First thing one should notice here is that $$x$$ and $$y$$ must be some irrational numbers (4,900 has other primes then 5 in its prime factorization and 25 doesn't have 2 as a prime at all), so we should manipulate with given expressions rather than to solve for x and y.

$$5^{10x}=4,900$$ --> $$(5^{5x})^2=70^2$$ --> $$5^{5x}=70$$

$$\frac{(5^{(x-1)})^5}{4^{-\sqrt{y}}}=5^{(5x-5)}*4^{\sqrt{y}}=5^{5x}*5^{-5}*(2^{\sqrt{y}})^2=70*5^{-5}*25^2=70*5^{-5}*5^4=70*5^{-1}=\frac{70}{5}=14$$

Answer: E.

Bunuel, could you please kindly explain how you come up with the 70 here?

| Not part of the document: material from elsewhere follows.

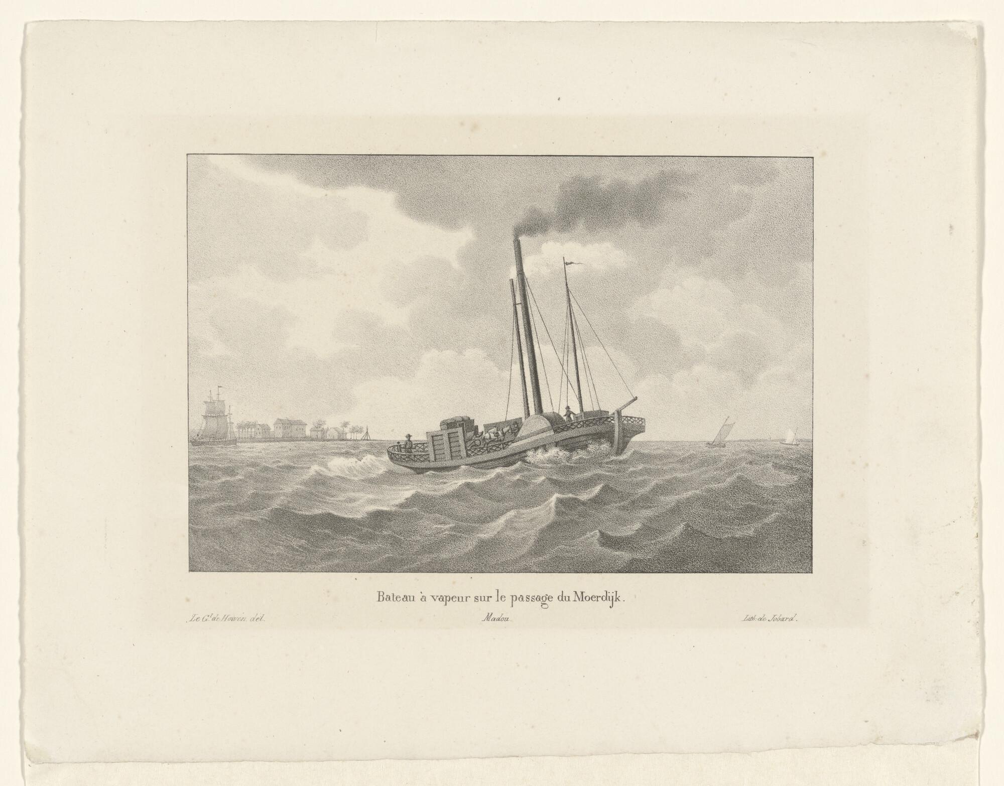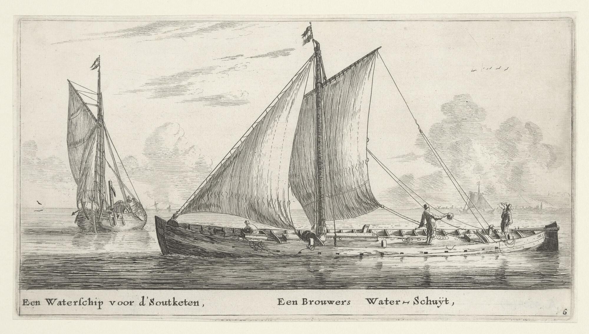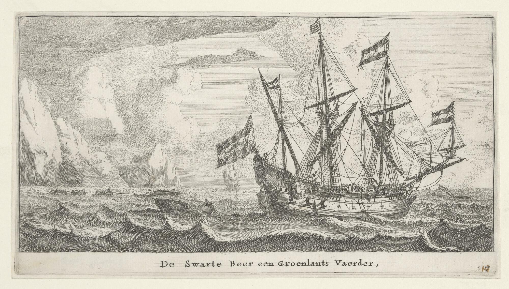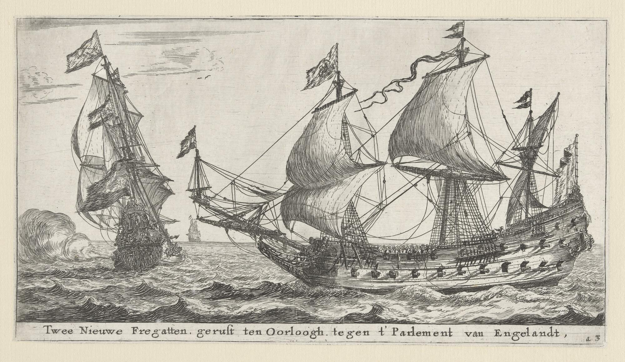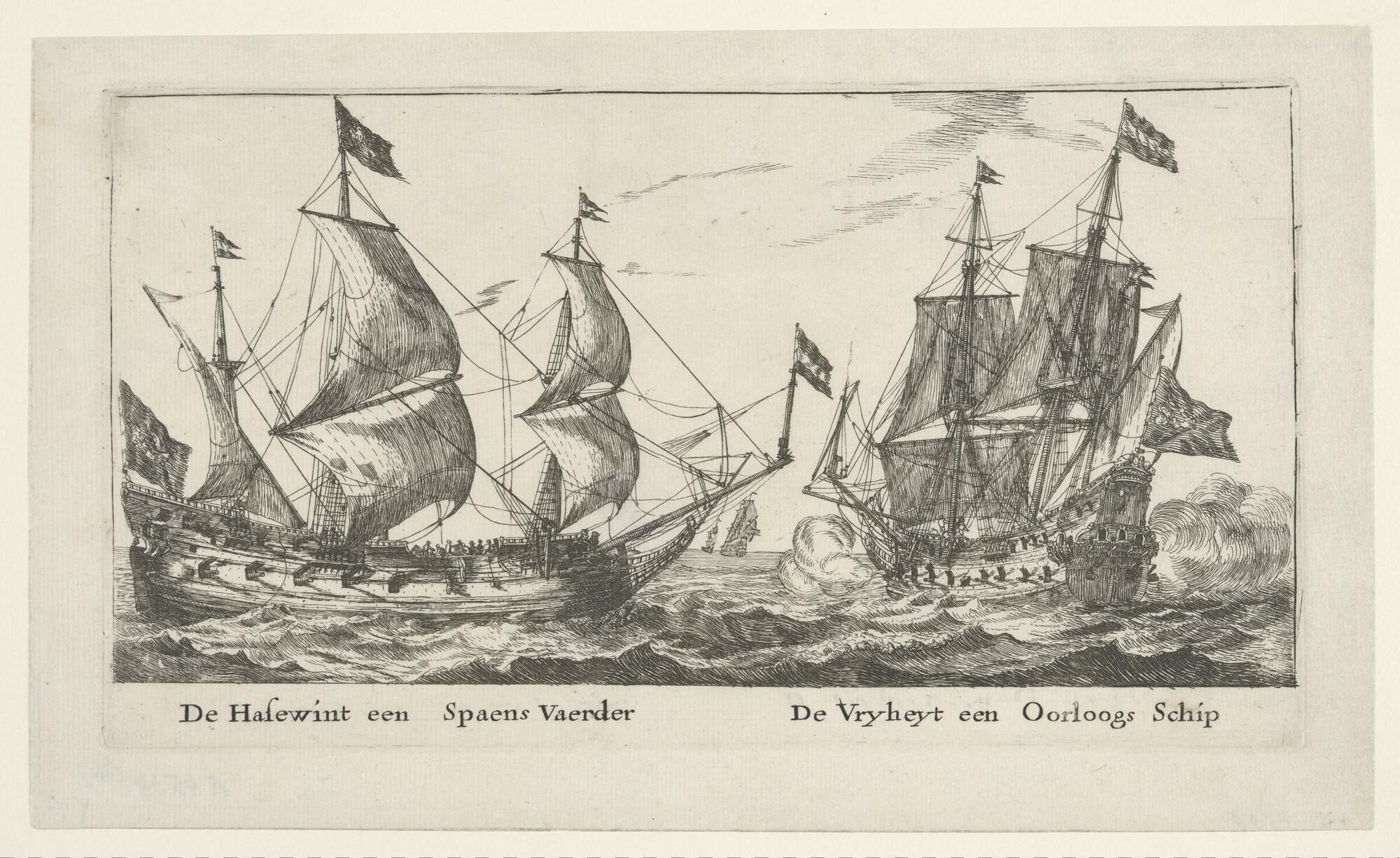 Het fluitschip de 'Hasewint' en het oorlogsschip de ...

Many thanks

Can you please tell me which step is unclear:

$$5^{10x}=4,900$$ --> $$(5^{5x})^2=70^2$$ --> $$5^{5x}=70$$.

The first step with the 4,900 is clear. I do not understand the following: 5^{(5x-5)}*4^{\sqrt{y}}=5^{5x}*5^{-5}*(2^{\sqrt{y}})^2=70*5^{-5}*25^2=70*5^{-5}*5^4=70*5^{-1}=\frac{70}{5}=14[/m]

and how you get to the 70 there.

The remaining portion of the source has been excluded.